*** RAW DATA Section Begins ***

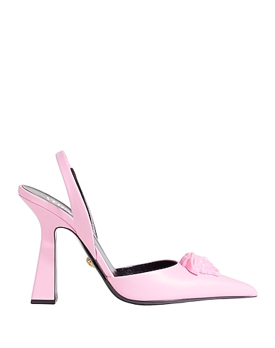 satin, brand logo, solid colour with appliqués, leather backing, elasticized straps, narrow toeline, geometric heel, leather sole, contains non-textile parts of animal origin, slingback pumps
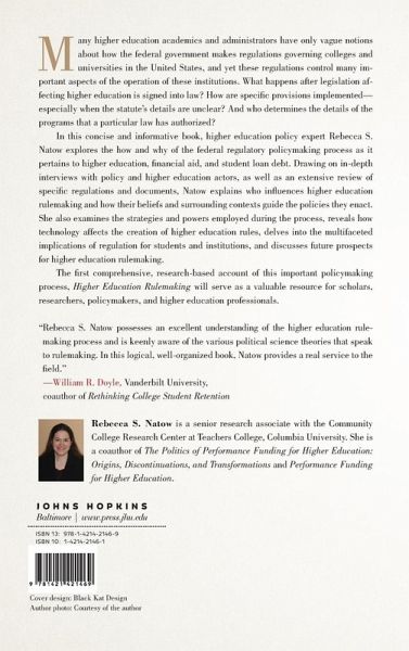 An in-depth look at how federal regulatory policy for higher education is drafted, influenced, and enacted. Many higher education academics and administrators have only vague notions about how the federal government makes regulations governing colleges and universities in the United States, and yet these regulations control many important aspects of the operation of these institutions. What happens after legislation affecting higher education is signed into law? How are specific provisions implemented--especially when the statute's details are unclear? And who determines the details of the programs that a particular law has authorized? In this concise and informative book, higher education policy expert Rebecca S. Natow explores the how and why of the federal regulatory policymaking process as it pertains to higher education, financial aid, and student loan debt. Drawing on in-depth interviews with policy and higher education actors, as well as an extensive review of specific regulations and documents, Natow explains who influences higher education rulemaking and how their beliefs and surrounding contexts guide the policies they enact. She also examines the strategies and powers employed during the process, reveals how technology affects the creation of higher education rules, delves into the multifaceted implications of regulation for students and institutions, and discusses future prospects for higher education rulemaking. The first comprehensive, research-based account of this important policymaking process, Higher Education Rulemaking will serve as a valuable resource for scholars, researchers, policymakers, and higher education professionals.
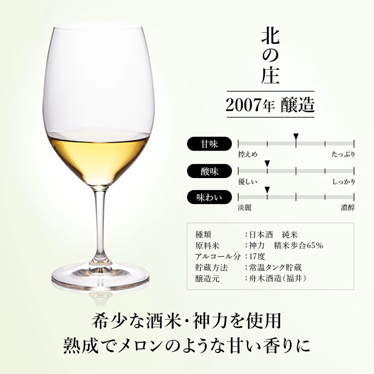 希少な酒米・神力を使い、伝統的な山廃という製法でしっかりした味の酒を醸しました。熟成により、メロンの甘い香りと白コショウのようなスパイスが感じられます。酸を柔らかい甘味が包み込む、エレガントな味わいです。

*** RAW DATA Section Ends ***

THE TASK
For this exercise, give the listing again exactly as written, with the pictures omitted.

SOLUTION FOR THIS PROBLEM
 satin, brand logo, solid colour with appliqués, leather backing, elasticized straps, narrow toeline, geometric heel, leather sole, contains non-textile parts of animal origin, slingback pumps
 An in-depth look at how federal regulatory policy for higher education is drafted, influenced, and enacted. Many higher education academics and administrators have only vague notions about how the federal government makes regulations governing colleges and universities in the United States, and yet these regulations control many important aspects of the operation of these institutions. What happens after legislation affecting higher education is signed into law? How are specific provisions implemented--especially when the statute's details are unclear? And who determines the details of the programs that a particular law has authorized? In this concise and informative book, higher education policy expert Rebecca S. Natow explores the how and why of the federal regulatory policymaking process as it pertains to higher education, financial aid, and student loan debt. Drawing on in-depth interviews with policy and higher education actors, as well as an extensive review of specific regulations and documents, Natow explains who influences higher education rulemaking and how their beliefs and surrounding contexts guide the policies they enact. She also examines the strategies and powers employed during the process, reveals how technology affects the creation of higher education rules, delves into the multifaceted implications of regulation for students and institutions, and discusses future prospects for higher education rulemaking. The first comprehensive, research-based account of this important policymaking process, Higher Education Rulemaking will serve as a valuable resource for scholars, researchers, policymakers, and higher education professionals.
 希少な酒米・神力を使い、伝統的な山廃という製法でしっかりした味の酒を醸しました。熟成により、メロンの甘い香りと白コショウのようなスパイスが感じられます。酸を柔らかい甘味が包み込む、エレガントな味わいです。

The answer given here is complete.